Academics often have a real knack for hurting your head. They can take a word that you use every day and turn it inside out, upside down and really challenge some of the most fundamental assumptions. I had one of these very experiences this week at the first of the University of Stirling‘s ESRC Seminar Series entitled ‘Curriculum for the 21st Century’. The focus for seminar one was ‘Knowledge and the Curriculum‘ and the word which had some serious analysis was knowledge. It’s a word we use a lot in our profession, but what do we mean by it? How we view this word can have a massive influence on our approach to curriculum.
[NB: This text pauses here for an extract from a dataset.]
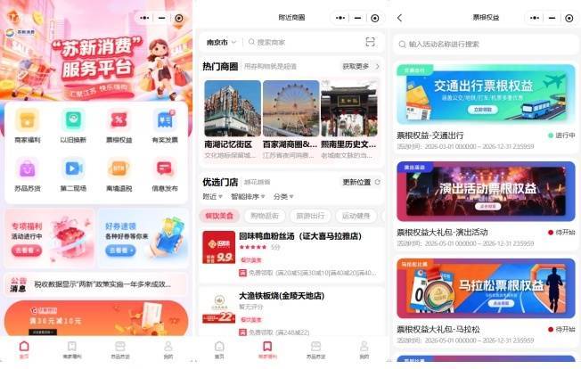 当前,消费者只要搜索进入“苏新消费服务平台”小程序,即可根据自身需求进入八大功能区相对应的服务板块,轻松享受政府补贴、银行优惠、商户让利等多重福利,实现消费体验与获得感的双重提升。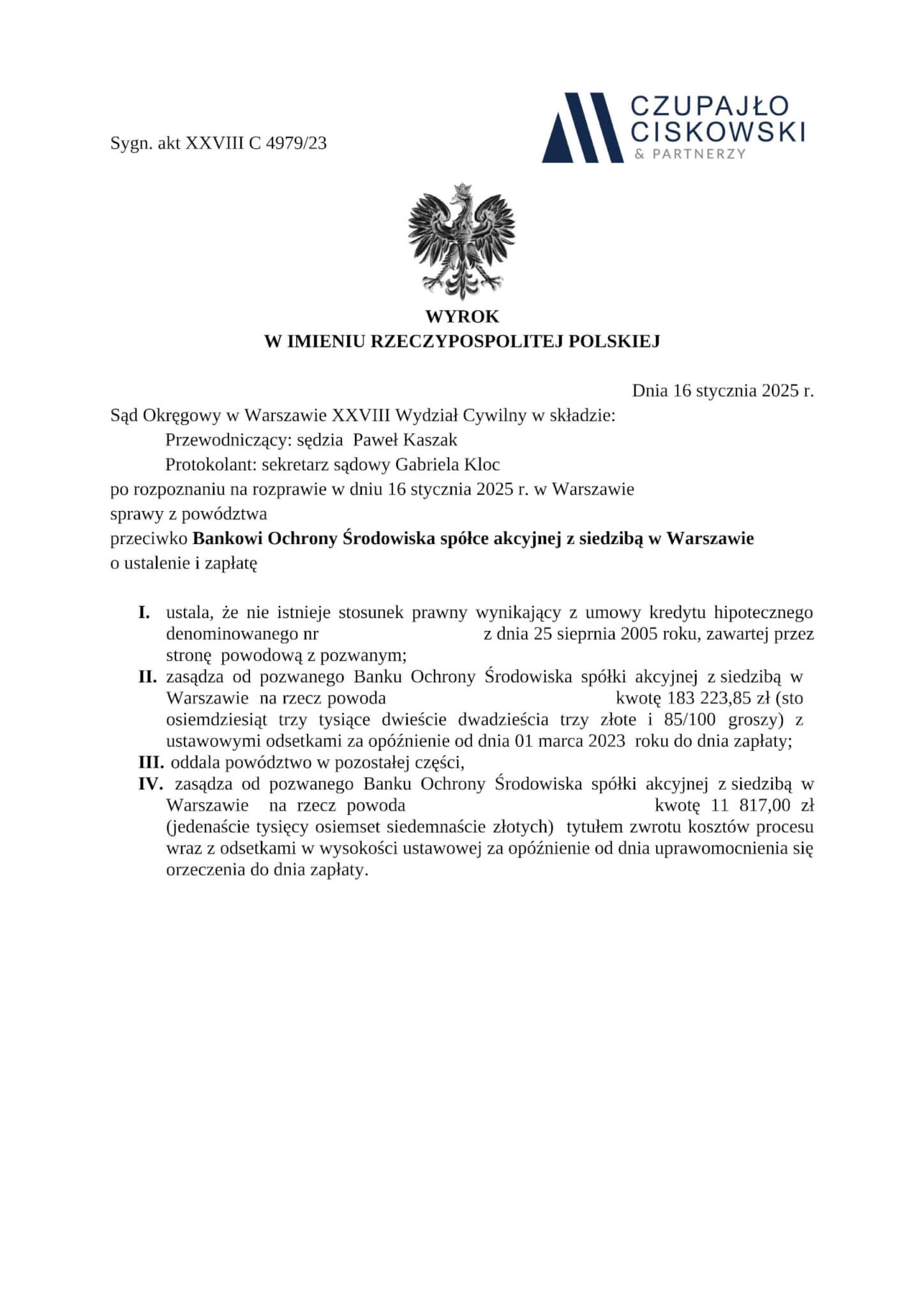 Sąd Okręgowy w Warszawie, XXVIII Wydział Cywilny w składzie Sędziego Przewodniczącego Pawła Kaszaka wyrokiem z dnia 16 stycznia 2025 r. w sprawie przeciwko Bankowi Ochrony Środowiska S.A. z siedzibą w Warszawie prowadzonej pod sygn. akt XXVIII C 4979/23 ustalił, że umowa kredytu hipotecznego łącząca naszego Klienta z bankiem jest nieważna. Ponadto zasądził na rzecz naszego Klienta kwotę 183 223,85 PLN wraz z odsetkami ustawowymi od dnia wskazanego w wezwaniu do zapłaty.

Although Michael Young couldn’t make the seminar due to illness, we were treated to presentations from Mark Priestley, Gert Biesta and Laura Colucci-Gray on this topic followed by opportunities to question each of them in small groups. All of the presentations and discussions were very stimulating, but it was Professor Biesta who really got my brain working, as demonstrated by the following tweet:
Gert’s presentation was heavily influenced by the work of Dewey and I am clearly going to fail to summarise what he was saying here. So I’m not really going to try to do that. I’m instead trying to summarise what I took from his presentation. During his presentation I had four inter-related recent thoughts swimming through my mind…
- Mark concluded his presentation by pointing out that although school subjects were derived from the disciplines, they were not in themselves disciplines as such…
- This then got me thinking about a post I wrote once on teaching science…
- This in turn reminded me of another post I wrote on teaching doubt…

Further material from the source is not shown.